Besides the technical importance of Co ferrites in industry, they have been used for medical applications due to their bio-compatibility, activity and low toxicity.18–20 Doping of Cu in Co ferrites is expected to enhance their bio-activity due to the role that Cu2+ plays in medical applications, especially in anti-cancer agents.21–24 In this regard, the substitution of Co with Cu has been found to improve the antibacterial activity of Co ferrite nanoparticles.25 Regarding anti-cancer activity, a Co–Cu ferrite/Na2Ca2Si3O9 composite (Bioglass) has been reported to have cytotoxicity against osteoblast cancer cells.26 To the best of our knowledge, the anti-cancer activity of pure nanocrystalline Cu–Co ferrite has not been reported to date.
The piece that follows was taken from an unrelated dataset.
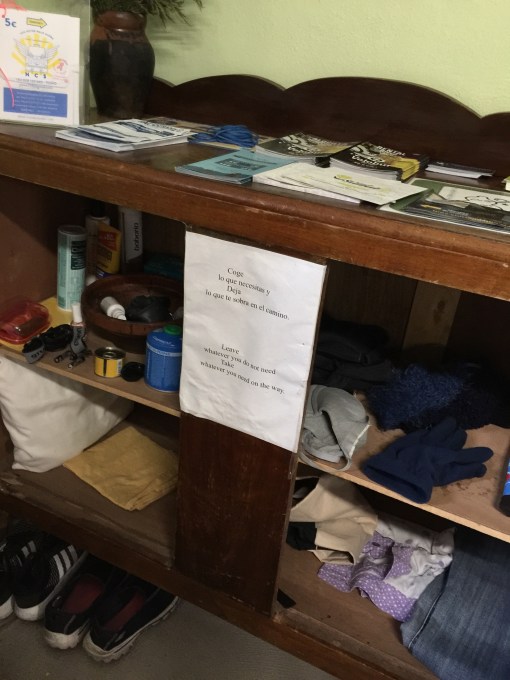 Immediately upon entering the town we found an adorable little stop, a local artisan has set up a shop and rest stop in her kitchen. You can stop and warm up around the wood burning stove that is heating the room, the owner will make you some food or you can just grab an egg or an orange, a coffee, beer or wine. The place has a great feeling complete with the homey atmosphere and the exposed wood beams and concrete slab floor. There’s even a pilgrim Take it or Leave it pile where you can ditch stuff knowing if will be used by another pilgrim or maybe find something you need. There are also 16 beds upstairs if you’d like to stay in this town. We purchased some of her bracelets that she makes over the slow season.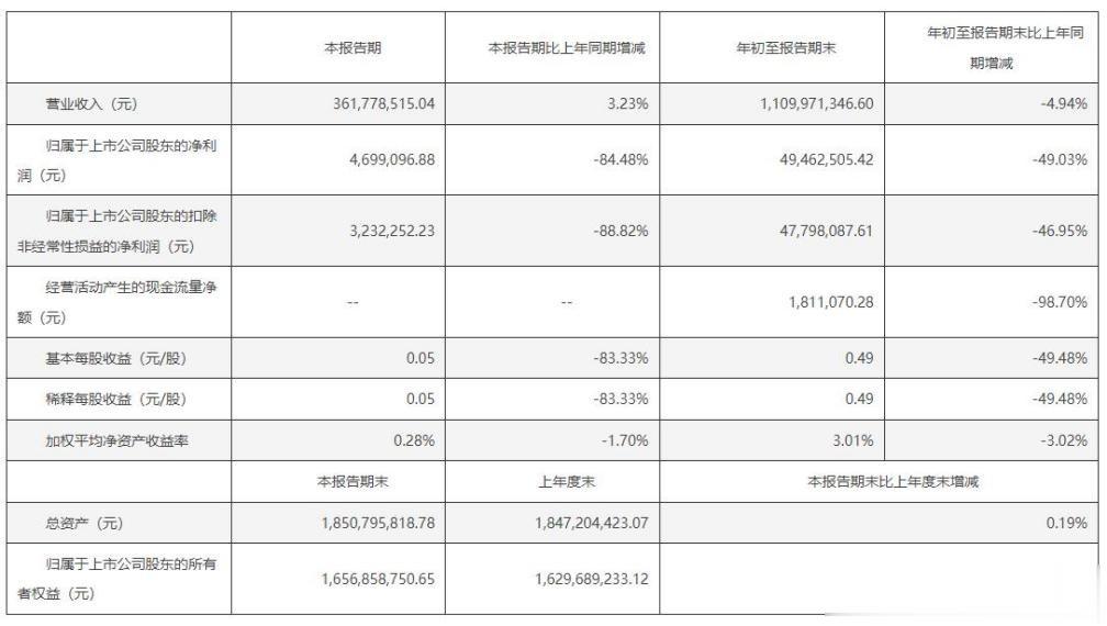 2025年前三季度公司实现营业收入1109971346.6元,同比减少4.94%;实现归属于母公司所有者的净利润为49462505.42元,同比减少49.03%;实现归属于母公司所有者的扣除非经常性损益的净利润为47798087.61元,同比减少46.95%。

Herein, we introduce the use of the electrospinning technique to synthesize Cu–Co ferrite NFs for the first time. Furthermore, the structure, morphology, optical property, magnetism, and anti-cancer activity of the prepared NFs are discussed based on an increase in the content of Cu dopant in the sample.
2. Materials and methods
2.1. Instrumentation
Nanofibers (NFs) were synthesized utilizing an electrospinning system (NanoSpinner Unit INOVENSO, Standard Type, NS1, Co. Turkey). The phase purity of the obtained NFs was verified by PXRD (Rigaku Benchtop Miniflex, Tokyo, Japan X-ray powder diffractometer operating using a Cu Kα radiation generator). The NF morphology was imaged using scanning electron microscopy (SEM/TEM, FEI Titan 80–300 kV FEGS/TEM, Hillsboro, OR, USA). The presence and percentage of various merged elements were confirmed by energy dispersive X-ray spectroscopy (EDX) analysis. UV-vis diffuse reflectance spectra were measured using a JASCO V-700 spectrophotometer in the range of 200–900 nm at room temperature.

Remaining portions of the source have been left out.